Lately, you spend most of your time complaining.
Maybe your complaints are about the relationship, or maybe they’re about outside factors, but this person has brought out your pessimism in some way. Instead of celebrating your accomplishments with you and finding little reasons to celebrate, they are always grumpy, always dwelling on mistakes, always pointing out problems that you didn’t even notice originally. Overall, they’ve been bringing your mood down.
You’re dressing and behaving based on what they want from you.

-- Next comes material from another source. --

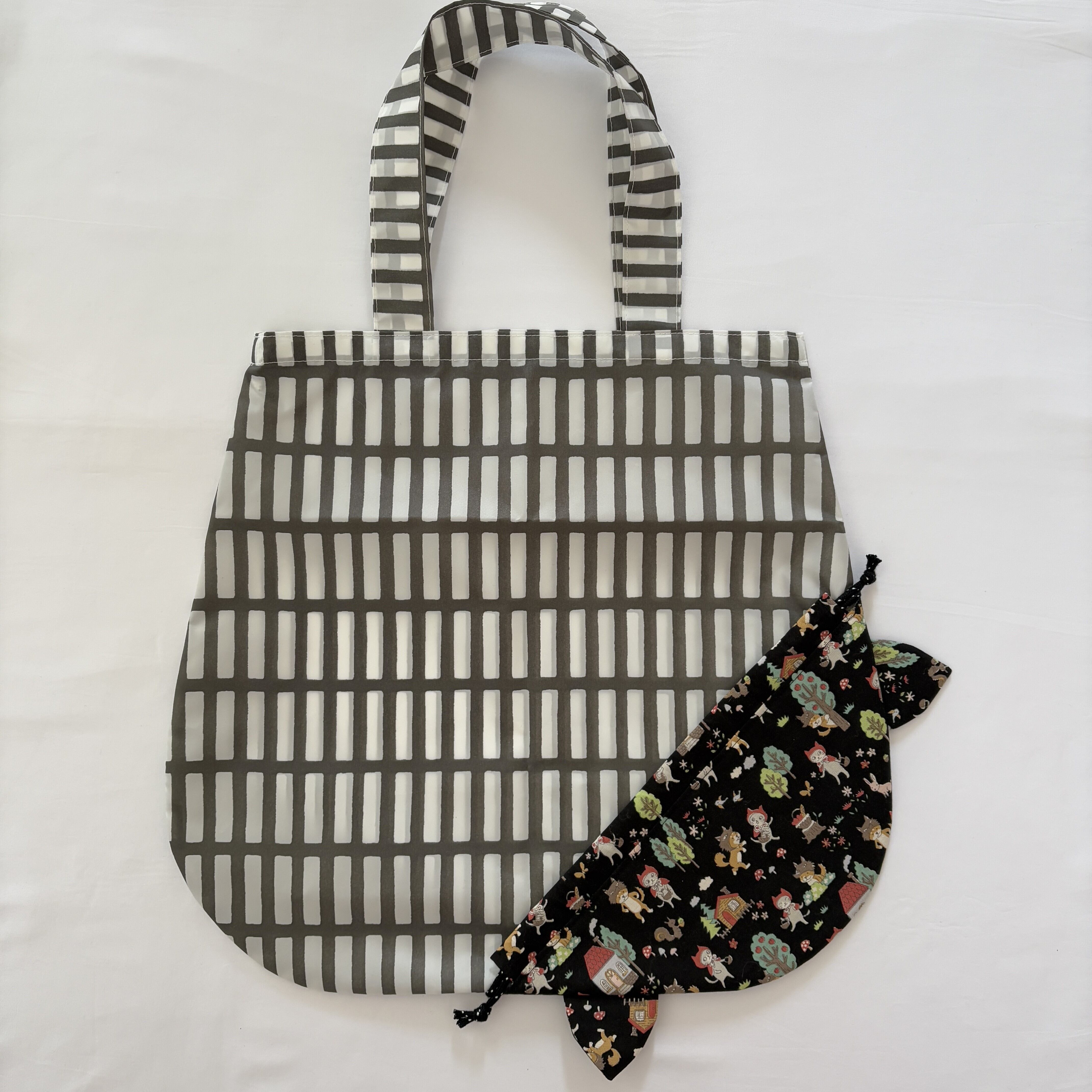 左下の猫柄布にバッグ本体を収納して巾着紐を絞るとネコ型になります。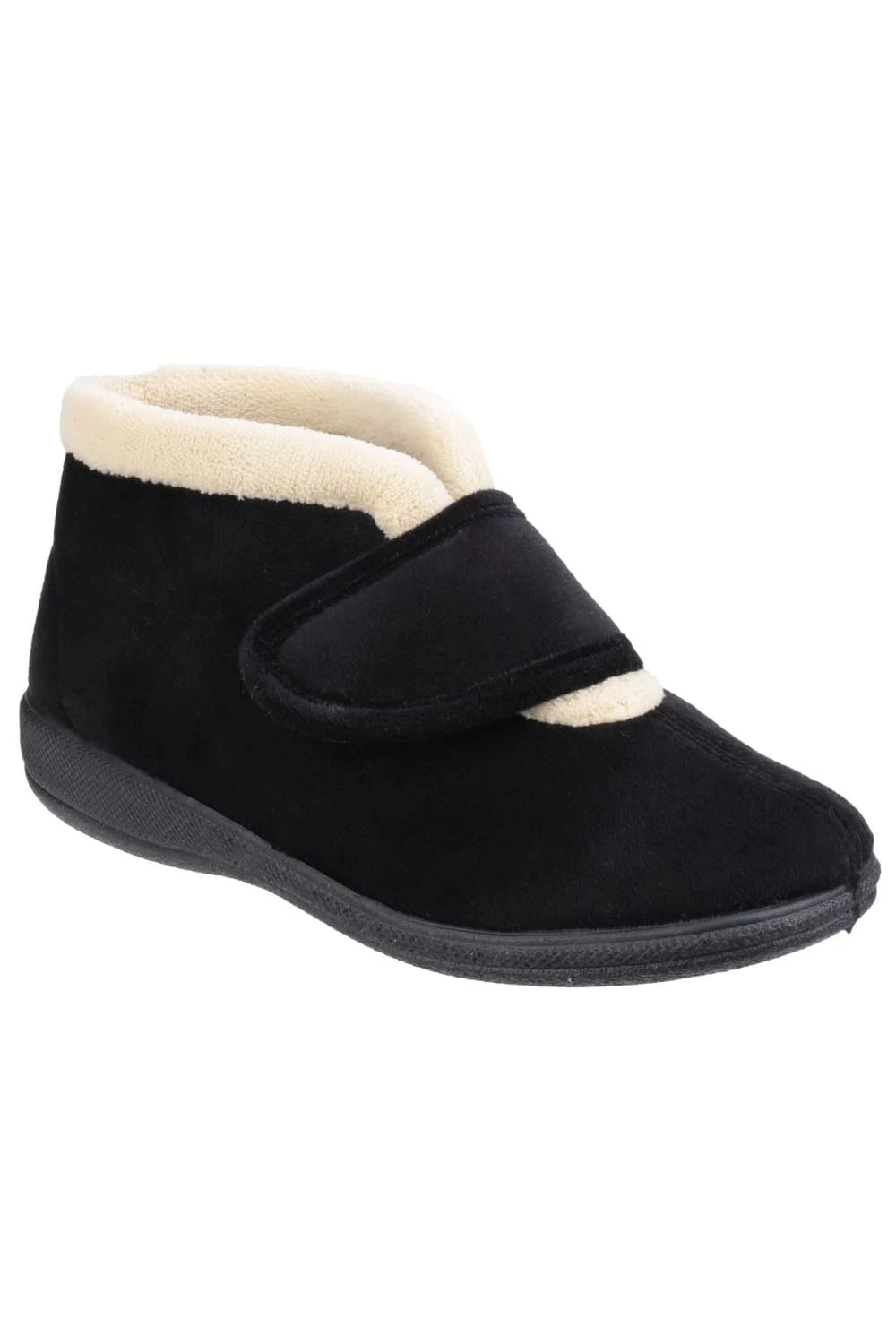 – Womens slippers.- Luxury velour upper in comfortable bootee style.- Wide v-neck opening with soft faux fur trim, warm lining and snug collar line.- Easy-close one touch fastening flexible bar strap for adjustable fit.- Memory foam footbed offers superb cushioning and molds to your feet.- Lightweight TPR sole.

Instead of wearing what makes you feel the most confident, you’re styling your hair and outfits based on what they prefer. You’re letting them influence all of your decisions, down to what you do with your own body. Even if they aren’t giving you direct orders, you’re still suppressing what you really want in order to give them what they want. You’ve stopped caring about your own opinions because you’re valuing theirs higher.

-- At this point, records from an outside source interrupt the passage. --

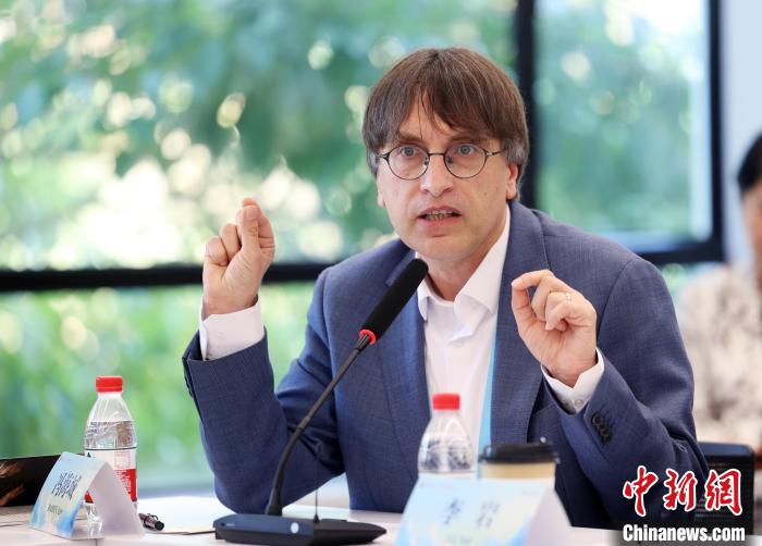 2025年6月6日,北馬其頓漢學(xué)知識(shí)中心教席學(xué)者馮海城在會(huì)議現(xiàn)場(chǎng)分享觀點(diǎn)。 李國(guó)慶攝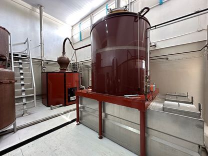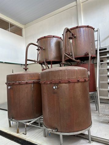 Rujeroでは古い蒸溜器(ファルカ)と最新式の蒸溜器(コニャックシャラント式)の2つを使用して蒸溜しております。シンガニの主原料であるマスカット・オブ・アレキサンドリアの実を収穫後すぐに圧搾し、発酵用の樽に詰めてまずワインをつくり、その後、蒸溜します。蒸溜直後は70度程度のアルコール度数がありますが、水を加えて度数調整をして出荷します。無色透明ながら、マスカットの甘い香りが漂います。アルコールは40%と高めです。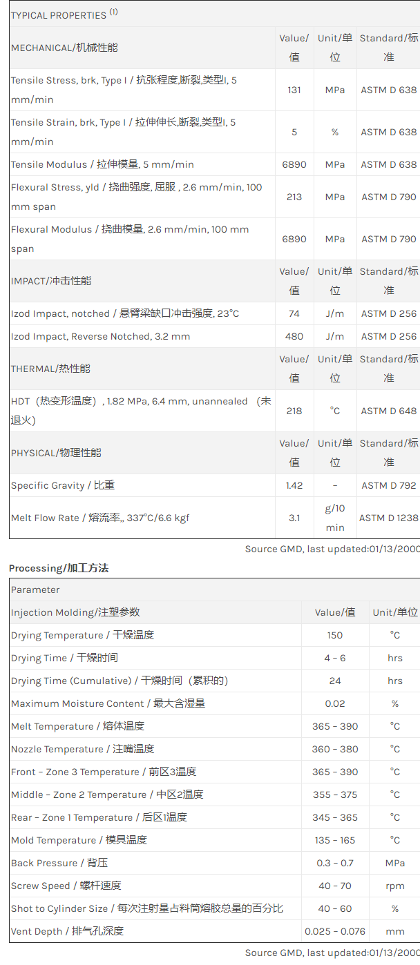 20% 玻纤增强共聚物。改良的耐化学剂性,耐强酸、碱、芳香族环烃、甲酮。内含脱模剂。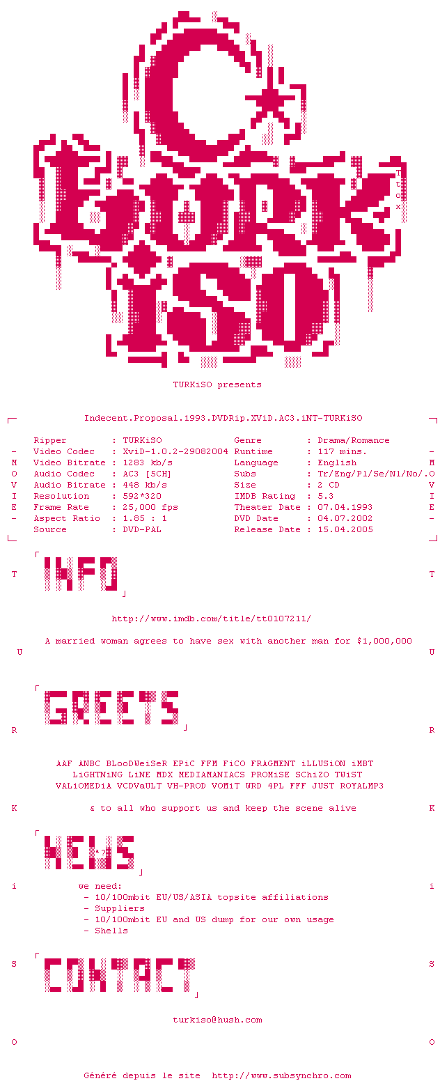 Voir le nfo de la release Indecent.Proposal.1993.DVDRip.XViD.AC3.iNT-TURKiSO
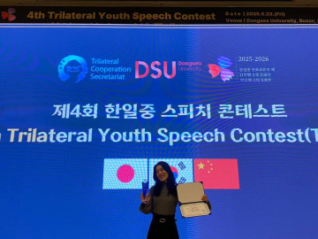 二つのプログラムを経て、2025年5月のスピーチコンテストには、自分の語学力を試すために挑戦しました。与えられた題は「共に歩む今日、成長する未来:日中韓交流ストーリー」で、自分で自由に発想すること。これに対して、私は「似て非なる 日中韓の若者交流におけるプラットフォームの重要性」 というテーマを設定し、「情報が氾濫する現代だからこそ、その情報の真偽を見極めて理解するためのプラットフォームの存在が、国々の対話や協力の促進において重要」という内容のスピーチをしました。TCSの李熙燮(い・ひそぷ)事務総長をはじめ、三国を代表する来賓の方々に審査していただき、コンテスト終了後には、人生経験や国際的な舞台で働く意義について直接伺うことができました。一位を受賞したことで語学への自信も付きましたし、大変光栄な機会でしたね。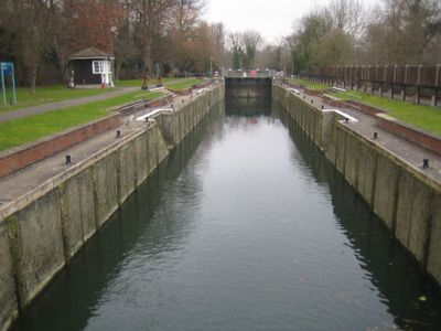 Romney Lock is a navigation lock on the River Thames near Windsor that controls water flow and allows boats to pass through. The structure sits beside a boatyard and Romney Island, roughly half a mile downstream from Windsor Bridge.

You’re scared to do anything without them.
You’re worried they’re going to get jealous or offended when you ask others to go to concerts and movies with you instead of them, so you never hang out with anyone else. You rarely spend time with your favorite people anymore. Your person has pushed you away from your friends and family, whether intentionally or unintentionally. Ever since you’ve gotten together, you’ve hardly had any time for people outside of the relationship. The only person you’ve been prioritizing is your partner, so they’re the only one who has spent any quality time with you lately.
You’ve given up the passions and hobbies you used to enjoy.

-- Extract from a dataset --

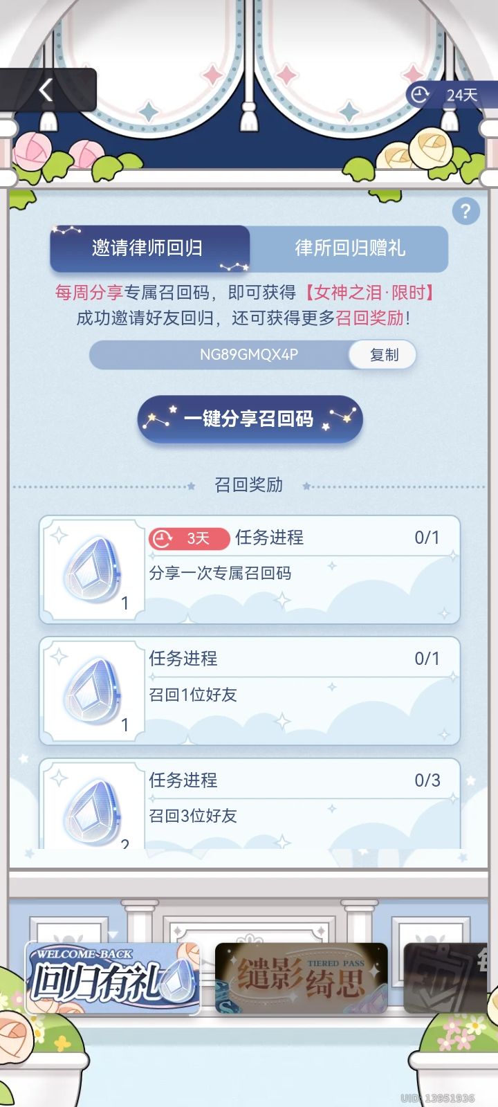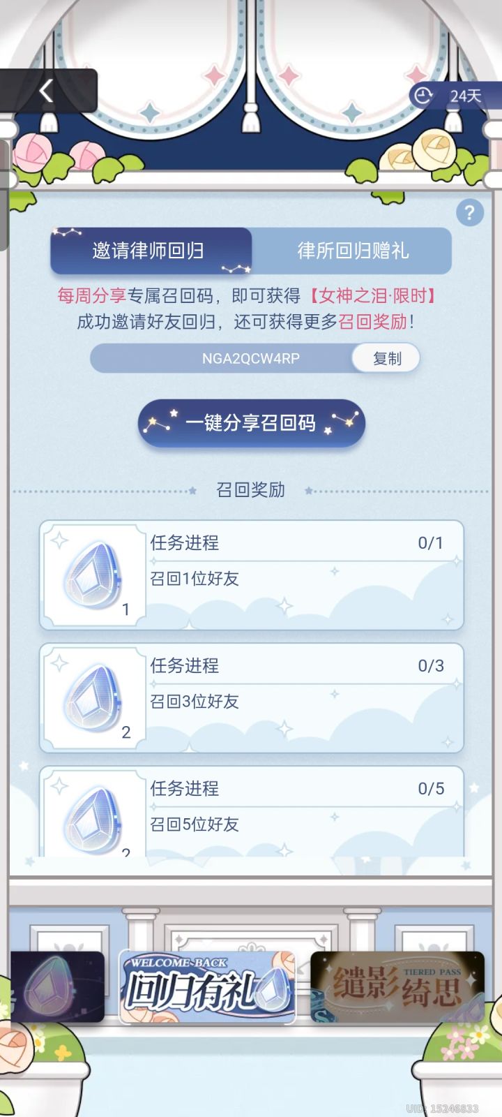 NGDBVA24GP,有没有回归的姐妹啊,可以填填我的召回码🥺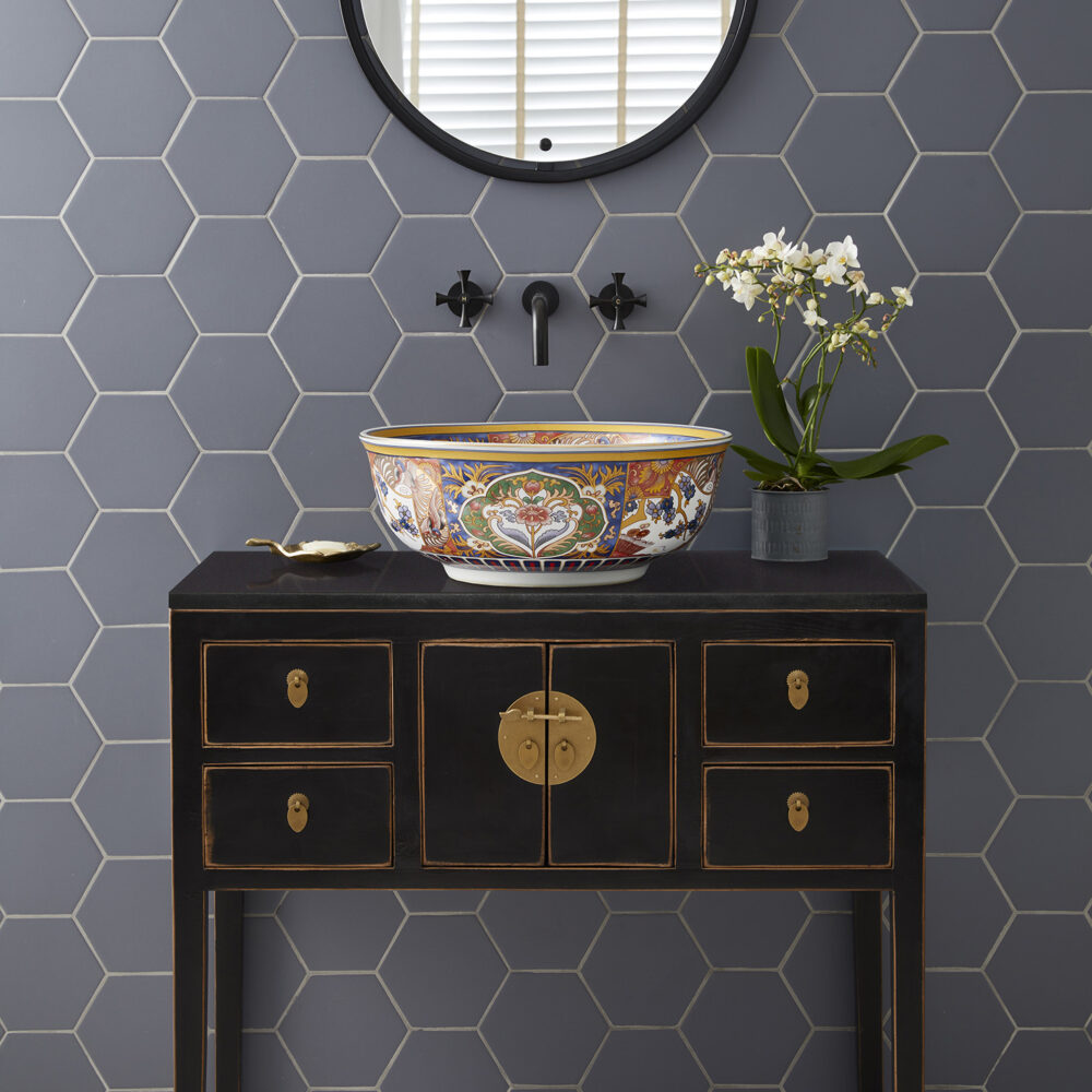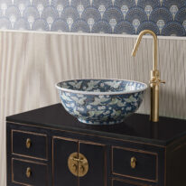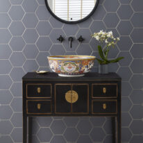 Contact usInspired by ancient Chinese wedding cabinets, the sleek Huxley vanity unit offers bathroom storage that will make a stunning impression on your space

Before you were with this person, there were certain activities you used to engage in all the time. But since you’ve gotten together, you don’t have time for them anymore. You would rather spend time with this person doing whatever they want to do than do what you used to love doing. While it’s healthy to prioritize your partner, you don’t want them to become your only priority, the only thing that brings you happiness in this world.
Your ambition has gone way down when it comes to work.
Since the only thing you care about is this person, you’ve started caring less and less about work, even when you used to genuinely enjoy your job. Instead of worrying about advancing in the workplace, you’re worried about hitting the next milestone in the relationship. Instead of worrying about fixing problems in the office, you’re worried about fixing problems in the relationship. While your love matters, you can still have it all. You can have a job and a relationship you put effort into. You don’t have to choose one over the other.
You don’t even know what you want anymore.
You’ve grown so used to people-pleasing and giving them what they want that you aren’t even sure what you want anymore. You aren’t sure what makes you happy, what excites you, what you’re aspiring to achieve. You’ve lost your independence and your sense of self because you’ve grown too reliant on them. You’ve forgotten who you are — which is a shame, since you’re such a wonderful, talented person.